Lots of visitors came today and some old friends.
Before tea break we worked hard to get as much of the remaining area in the large trench cleaned down to chalk. Lots of mattocking and shoveling and barrowing onto the growing spoil heap.
Fay sifted the soil from out part excavated circular pit and found a piece of pottery which may be Neolithic. It is the only find from the soil we excavated from the half-sectioned feature.
I then laid out my tapes and began to draw the pits, post-holes and faint ditches cutting the chalk.
The deadline was when Robin arrived with the survey equipment to scan the site and GPS fix our trench.
He set up his targets around the trench and produced a point cloud survey. He then took many overlapping pictures to produce a photogrammetric mosaic of images which will be draped over a digital terrain mode. He showed me the result on his ipad.
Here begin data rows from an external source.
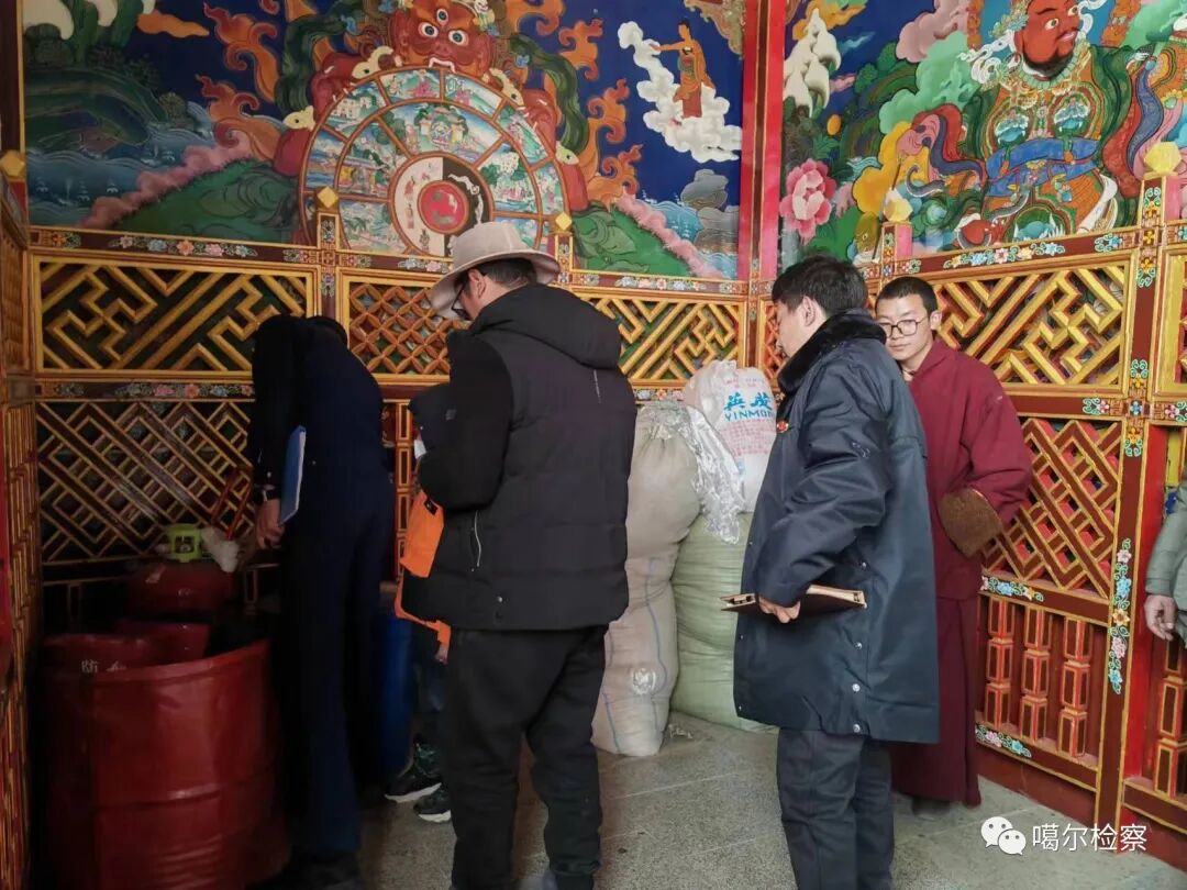 此次活动重点就行政执法部门对《阿里地区安全生产隐患排查整治情况日报》中提出问题的整改,特别是对辖区内涉民爆单位仓储、消防、值班、巡逻安全等监督管理责任落实情况进行跟踪问效,并就其履行对顿久寺、古如江寺、芝达布日寺等寺庙主殿、燃灯房、厨房、僧舍房屋安全、消防设备配备运行、用火用电隐患排查、登记台账及各项应急预案设立等监管职责情况进行全面检察监督,针对发现的隐患问题现场提出督促整改意见。
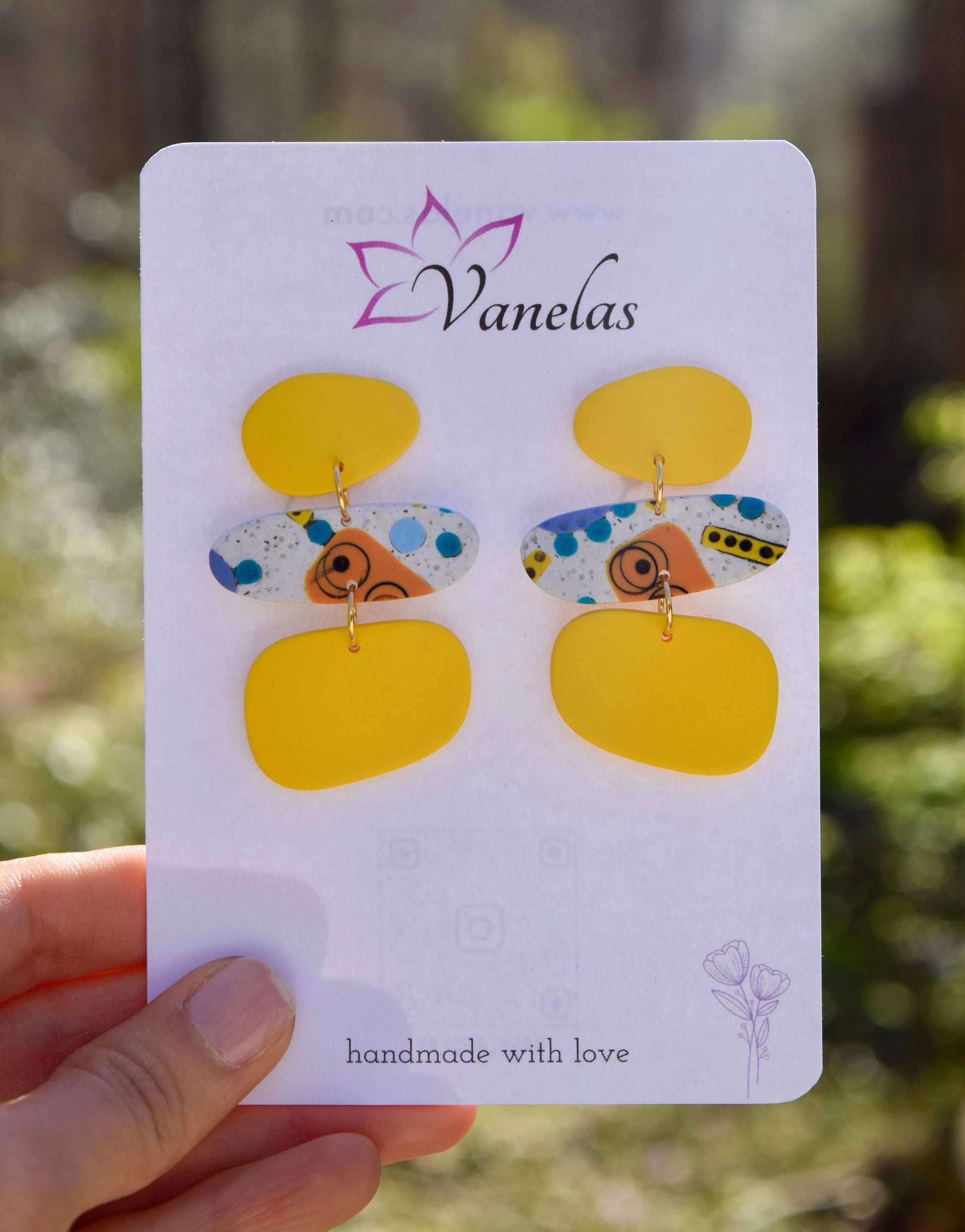 Care instruction: Avoid contact with chemicals and makeup, clean with a wet wipe, store your polymer clay earrings in a cool dry area.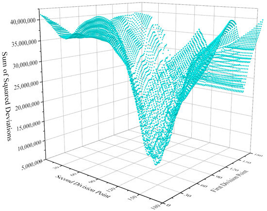 This segmentation process creates three portions: the first from 1~, the second from + 1~, and the third from + 1~n. The sums of squared deviations for these three segments—denoted as, , and —are calculated accordingly.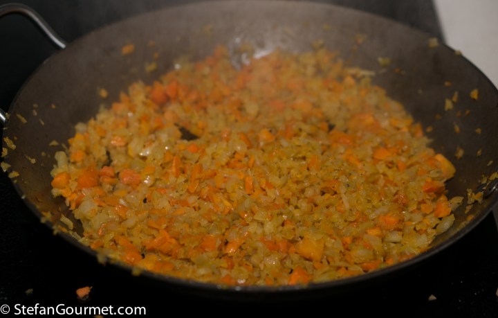 Stir over medium heat until the vegetables start to color, 5 to 10 minutes.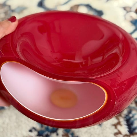 Glas, Sulo Gronberg Fad, Oy Kumela, Finsk ametystfarvet glas fad/skål l.34 cm. Signeret under bund. Fin stand.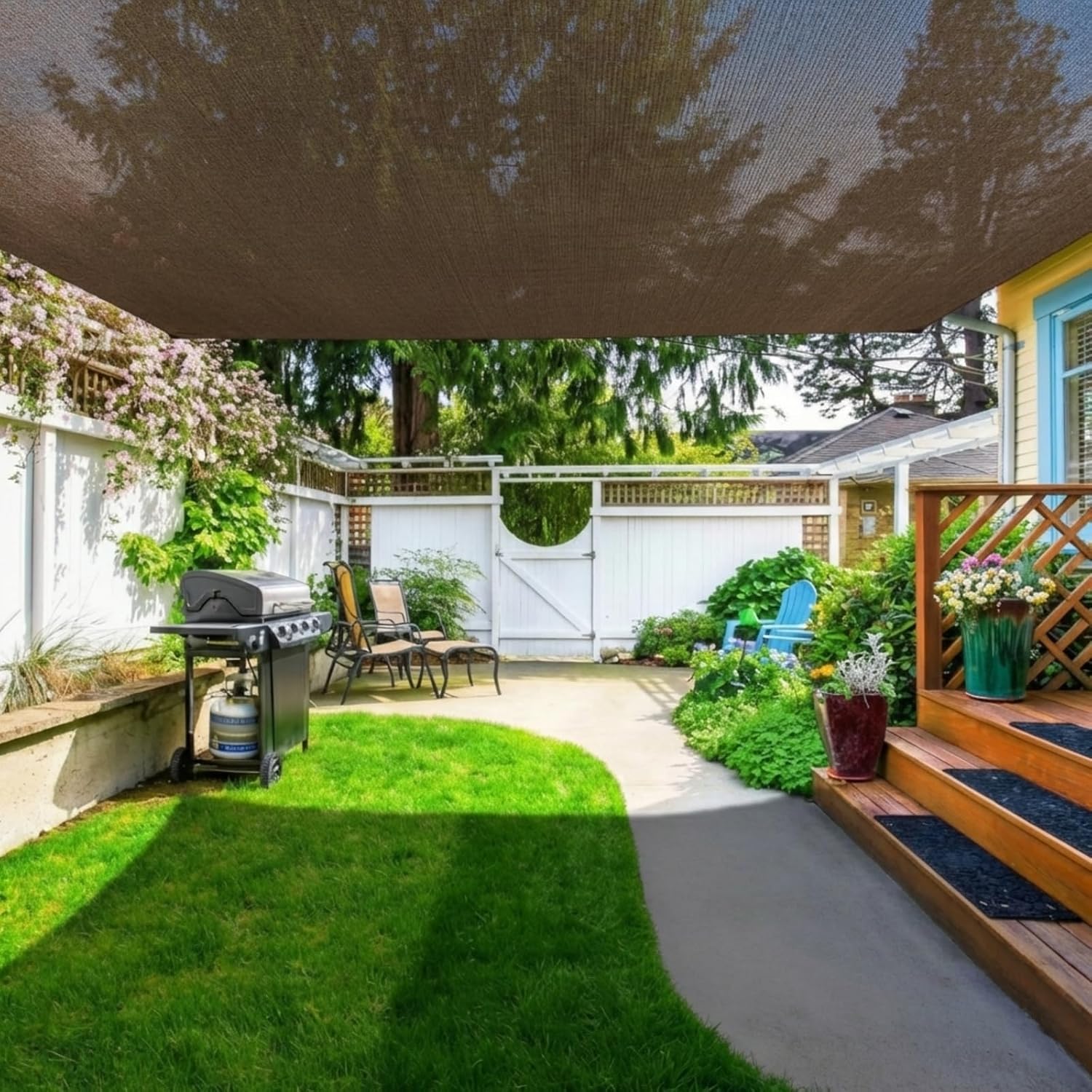 Features: Ideal for Large Outdoor Coverage: This large block of shade cloth is ideal for covering gazebos, patios, porches, play areas, privacy fences, pool areas, and more, providing comfortable shade and security for any outdoor environment. Simple Maintenance: Easily maintain and restore your shade cloth's original look with just soap and a hose. Keep it clean and ready for continued use, ensuring lasting protection and aesthetics. Specifications: Material: high density polyethylene (HDPE) Color: brown Size: all about 6 x 50 ft Package includes: 1 x Shade Cloth Notes: Manual measurement, please allow slight errors on size. The color may exist a slight difference due to different screen displays.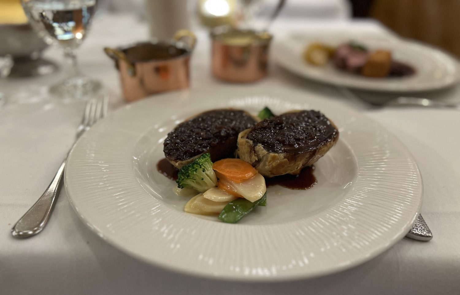 A delicious beef wellington with red wine sauce and glazed vegetables 625 Kč. Also a side of mashed potato in a brass pot 110 Kč.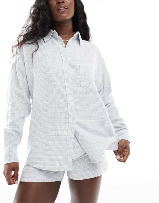 Cotton On – Kariertes Oversize-Pyjama-Hemd aus Flanell in Pannacotta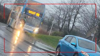 12/50 A double-decker bus smashes into multiple cars after skidding and spinning on an icy road.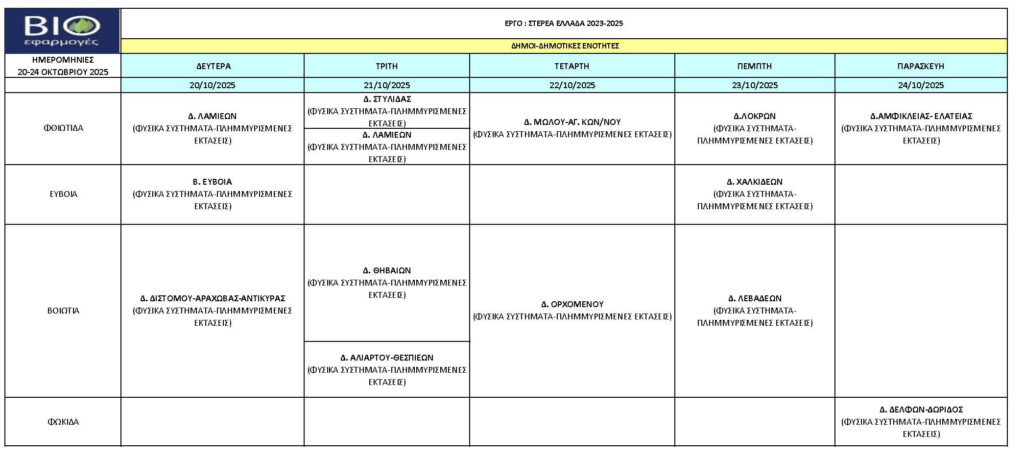 Το εβδομαδιαίο πρόγραμμα παρεμβάσεων κουνουποκτονίας που θα ακολουθήσουν τα συνεργεία της εταιρείας “ΒΙΟΕΦΑΡΜΟΓΕΣ Ο.Ε.” κατά την περίοδο 20–24 Οκτωβρίου 2025.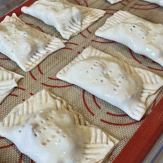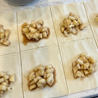 Assemble the Puff Pastry. Roll out puff pastry sheets. Cut into squares or rectangles. Spoon apple filling into the center of each piece. Fold over and seal edges with a fork.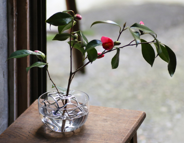 花瓶の上にセットすると…花留めの役割にも。枝ものや、葉っぱが少なく位置が決まりにくいお花も、固定しやすくなります。ランダムに曲げたKAGOが自然な“動き”をつくってくれる。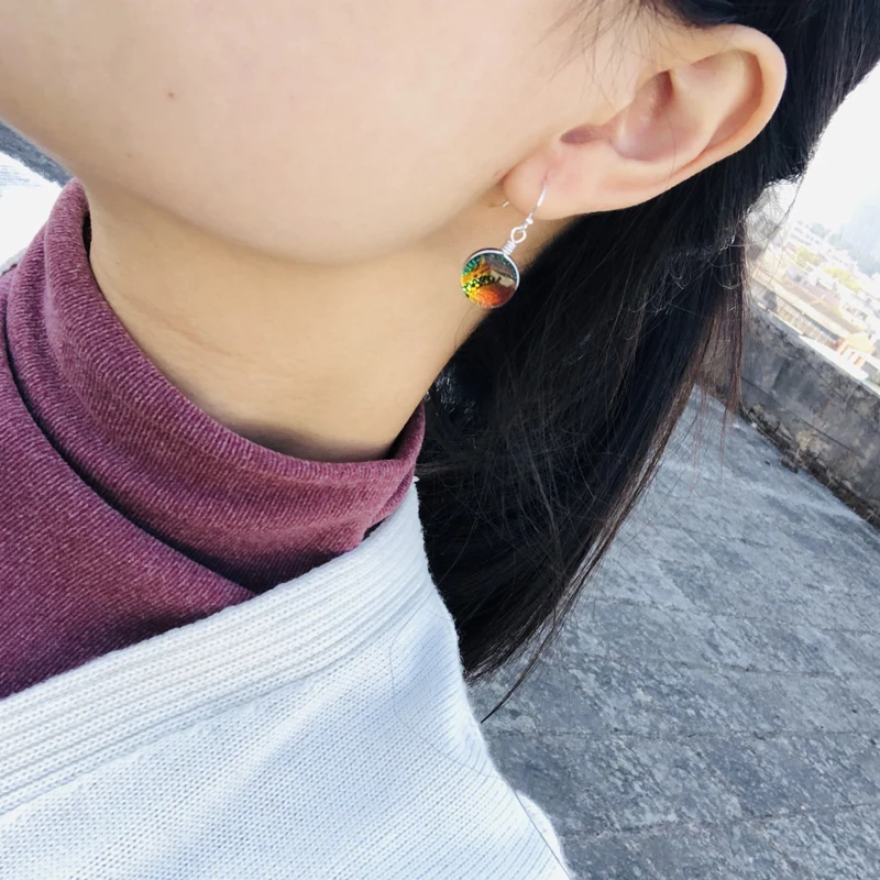 Имя:Knobspin 100% 925 стерлингового серебра 12 мм цветной стеклянный Свадебные обручальные кольца свисающие серьги для женщин, хорошее ювелирное изделие, оптовая продажа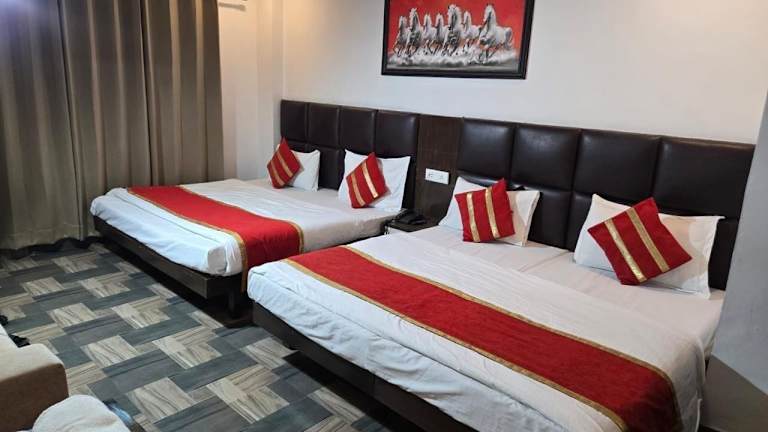 Die Zimmer im Hotel Maha Luxmi Palace sind komfortabel und gut ausgestattet. Jedes Zimmer verfügt über ein eigenes Bad mit kostenlosen Pflegeprodukten, einen Flachbild-TV und Klimaanlage. Ein Wasserkocher steht ebenfalls zur Verfügung. Einige Zimmer bieten auch einen separaten Sitzbereich. Alle Zimmer sind zudem mit einem Safe ausgestattet, um die Sicherheit der Gäste zu gewährleisten.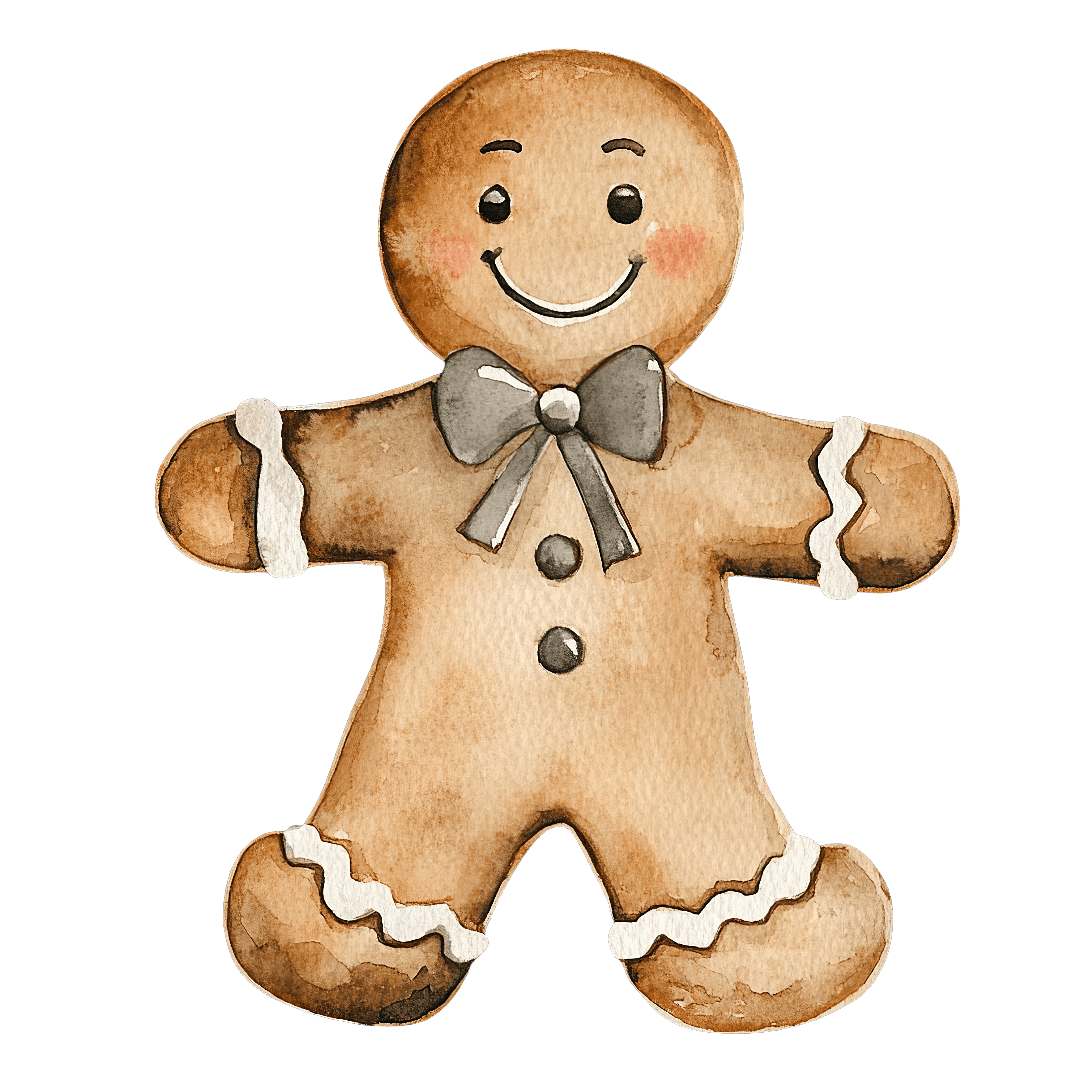 Watercolor Gingerbread Cookie with Icing and Bow Tie Gingerbread cookie in watercolor style with icing and bow tie.Download PNG ▼Download JPG ▼Related posts:Festive Rabbit Wearing Santa Hat Surrounded by Christmas FoliageWatercolor Pear with Leaf Clipart DesignColorful holiday string lights with multiple vibrant bulb designsWatercolor Apple with Green Leaves PaintingCartoon monkey clipart with outstretched armsWatercolor Striped Pumpkin with Natural Stem holiday vegetable food autumn clipart vectorCupcake with Cream Topping and Two Cherries dessert food sweet pastry clipartGreen Cactus in Blue Pot on Black Background IllustrationHand-Drawn Custard Apple with Detailed Textured Skin fruit green clipart vector artGlass of Iced Ginger Tea with Fresh Mint LeavesOrange cartoon duck with bow tie vectorVintage Styled Woman with Red Bow and Curly Hair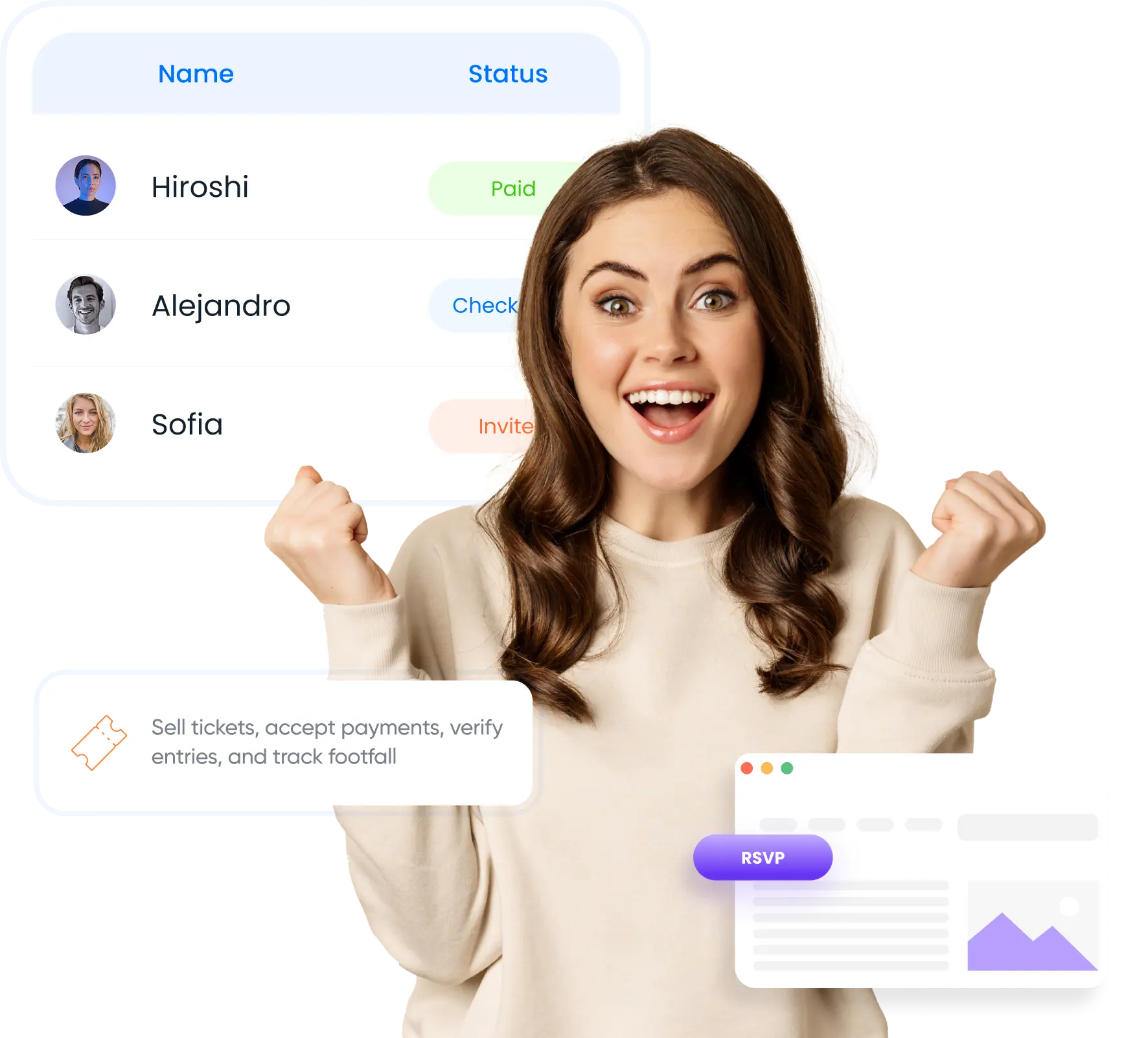 Control RSVPs, registrations, ticket sales, guest tagging, and on-site check-ins from one intuitive dashboard. Track everything in real time, validate entries instantly, and manage your full RSVP event management workflow with total clarity.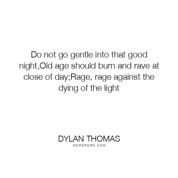 Do not go gentle into that good night,Old age should burn and rave at close of day;Rage, rage against the dying of the light

Rob and Carol got to the bottom of the ditch opposite the front door of Max Gate. It was almost a metre deep and below the frost-fractured chalk in the lowest filling was a thin veneer of soil including preserved flecks of topsoil trampled there when the ditch was first dug. We peeled it off and the natural chalk rang as we troweled it.

The finds exclusively struck flint flakes and sadly no charcoal or enough bone which can provide us with a C14 date.
In our large trench we found two 2m diameter pits, one part excavated with a small fragment of Neolithic? pot. In addition two parallel shallow gullies set 1m apart with post-holes where they turned at right angles away from each other? An entrance to a passage over 3m long between ditches leading to somewhere beyond the north-east edge of our trench.
We did not find a convincing continuation of the Middle Neolithic enclosure unless our half-sectioned pit was part of it. We noted that in the 1987-8 excavation the enclosure pits faded and became more distant as they headed towards the Paddock. Perhaps there was a wide entrance here. Perhaps the east side was the less desirable area for the groups that dug the pits. Perhaps it was never finished…

The front door trench hit a pit where the circuit should run but we cannot prove that.
A good but puzzling week. We packed up the tools and drove home.
Corfe Castle CBA festival day tomorrow. Minecraft in the Castle on Sunday.